* [Brief]:
A precise copy of the data is required, with every picture left out.

* [Recorded data]:
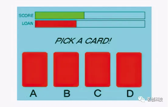 要求被试学会在拥有不同奖励/损失回报的A-D牌组中进行选择。纸牌A:每次给100美元的奖励,但是连续10次中会有5次35~150美元的惩罚;纸牌B:每次给的奖励是100美元,但是连续10次中有一次1250美元的惩罚;纸牌C:每次给50美元的奖励,但连续10次中有5次是25~75美元的惩罚;纸牌D:每次给50美元的奖励,但连续10次中有一次250美元的惩罚。在任务开始前,被试不知道纸牌中奖励惩罚的数量,频率等情况,只是被告知每次任意从4副纸牌中选择1张,以达到选择多次以后赢分尽可能多的目的。
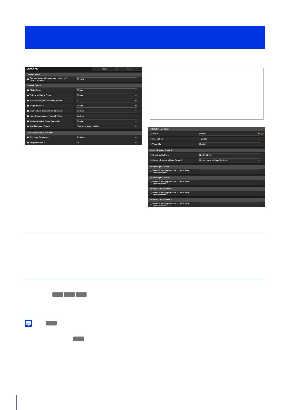 Settings for the camera name and external input/output devices, and for camera use and installation settings.
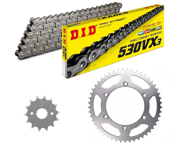 Poniższy napęd zawiera zębatki marki JT wytwarzane z japońskiej stali wysokowęglowej oraz produkowany w Japonii łańcuch marki D.I.D. Łańcuchy D.I.D to produkt najwyższej jakości. Producent – japońska firma „DAIDO KOGYO” działa na rynku już przeszło 70 lat specjalizując się w wytwarzaniu łańcuchów napędowych i rozrządu. Użytkownicy jednośladów na całym świecie, dawno przekonali się o ich niezaprzeczalnych walorach i stosują je z powodzeniem zarówno w najcięższych motocyklach drogowych, jak też w wyczynowych pojazdach sportowych, crossowych i ATV. Szeroka gama jest zróżnicowana pod względem wytrzymałości, zastosowania i ceny. Pozwala użytkownikowi dobrać produkt najbardziej odpowiadający jego wymaganiom.
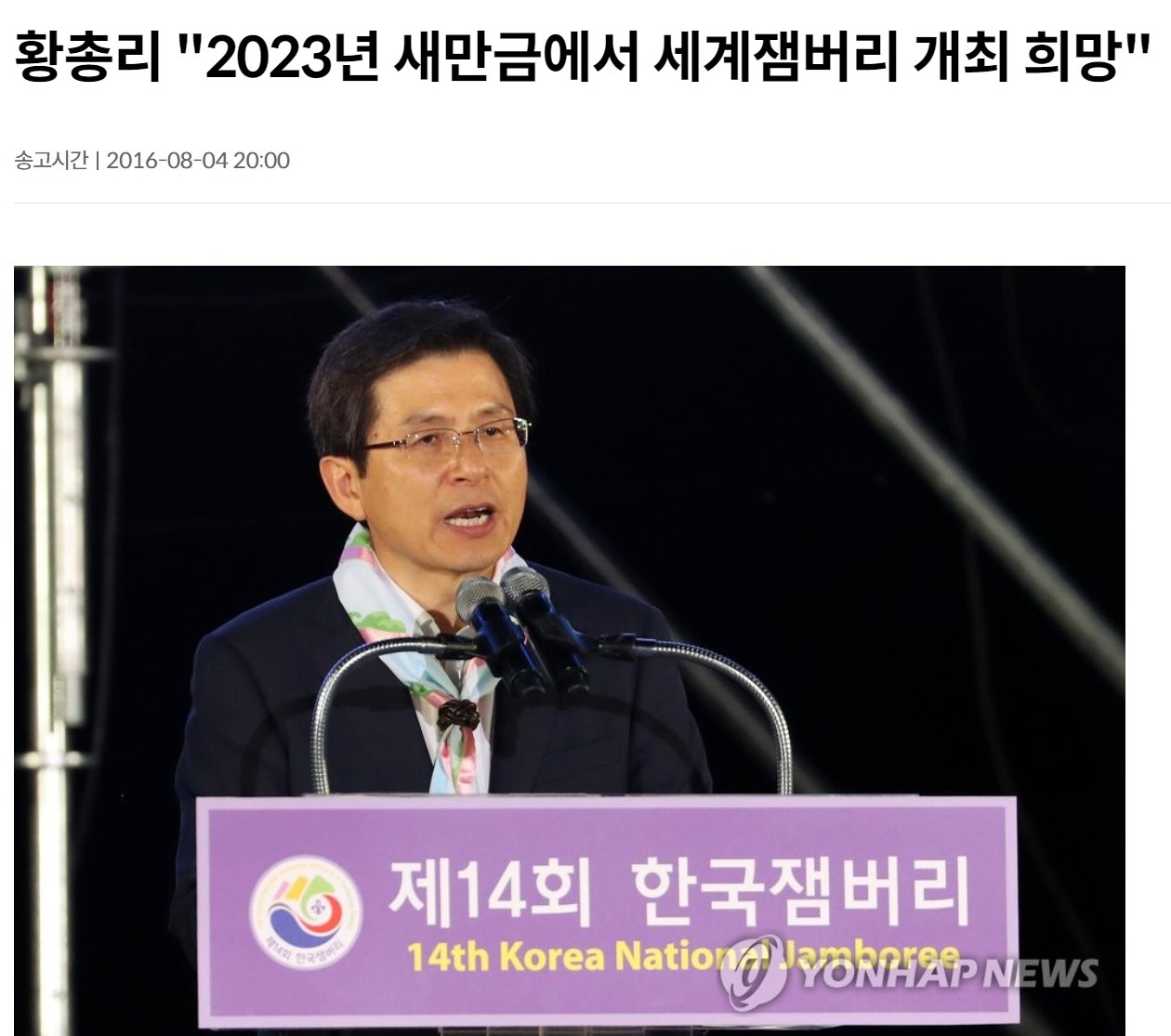 그런데 박근혜 정부를 비롯해 당시 여당이자 국민의힘과 자유한국당의 전신 새누리당에서 평소 안하던 짓을 하기 시작합니다. 2016년 3월 정부가 이를 국제대회로 승인하면서 공식적으로 정부 지원을 받을 수 있는 길을 열더니 8월에는 박근혜 전 대통령이 대구 달성군에서 열린 제14회 한국잼버리에 영상 메시지를 보내 "성공적인 잼버리를 위해 지원을 아끼지 않을 것"이라며 새만금 세계잼버리 유치를 직접 언급하기에 이르렀죠. 황교안 당시 국무총리도 개영식에 직접 참석해 축사 도중 "새만금에서 세계 잼버리가 펼쳐진다면 지구촌 청소년들에게 용기와 희망, 불굴의 도전정신을 심어줄 수 있을 것"이라고 강조하며 새만금 세계잼버리에 대한 각국의 성원을 부탁하기도 합니다.

* [Output of the exercise]:
 要求被试学会在拥有不同奖励/损失回报的A-D牌组中进行选择。纸牌A:每次给100美元的奖励,但是连续10次中会有5次35~150美元的惩罚;纸牌B:每次给的奖励是100美元,但是连续10次中有一次1250美元的惩罚;纸牌C:每次给50美元的奖励,但连续10次中有5次是25~75美元的惩罚;纸牌D:每次给50美元的奖励,但连续10次中有一次250美元的惩罚。在任务开始前,被试不知道纸牌中奖励惩罚的数量,频率等情况,只是被告知每次任意从4副纸牌中选择1张,以达到选择多次以后赢分尽可能多的目的。
 Settings for the camera name and external input/output devices, and for camera use and installation settings.
 Poniższy napęd zawiera zębatki marki JT wytwarzane z japońskiej stali wysokowęglowej oraz produkowany w Japonii łańcuch marki D.I.D. Łańcuchy D.I.D to produkt najwyższej jakości. Producent – japońska firma „DAIDO KOGYO” działa na rynku już przeszło 70 lat specjalizując się w wytwarzaniu łańcuchów napędowych i rozrządu. Użytkownicy jednośladów na całym świecie, dawno przekonali się o ich niezaprzeczalnych walorach i stosują je z powodzeniem zarówno w najcięższych motocyklach drogowych, jak też w wyczynowych pojazdach sportowych, crossowych i ATV. Szeroka gama jest zróżnicowana pod względem wytrzymałości, zastosowania i ceny. Pozwala użytkownikowi dobrać produkt najbardziej odpowiadający jego wymaganiom.
 그런데 박근혜 정부를 비롯해 당시 여당이자 국민의힘과 자유한국당의 전신 새누리당에서 평소 안하던 짓을 하기 시작합니다. 2016년 3월 정부가 이를 국제대회로 승인하면서 공식적으로 정부 지원을 받을 수 있는 길을 열더니 8월에는 박근혜 전 대통령이 대구 달성군에서 열린 제14회 한국잼버리에 영상 메시지를 보내 "성공적인 잼버리를 위해 지원을 아끼지 않을 것"이라며 새만금 세계잼버리 유치를 직접 언급하기에 이르렀죠. 황교안 당시 국무총리도 개영식에 직접 참석해 축사 도중 "새만금에서 세계 잼버리가 펼쳐진다면 지구촌 청소년들에게 용기와 희망, 불굴의 도전정신을 심어줄 수 있을 것"이라고 강조하며 새만금 세계잼버리에 대한 각국의 성원을 부탁하기도 합니다.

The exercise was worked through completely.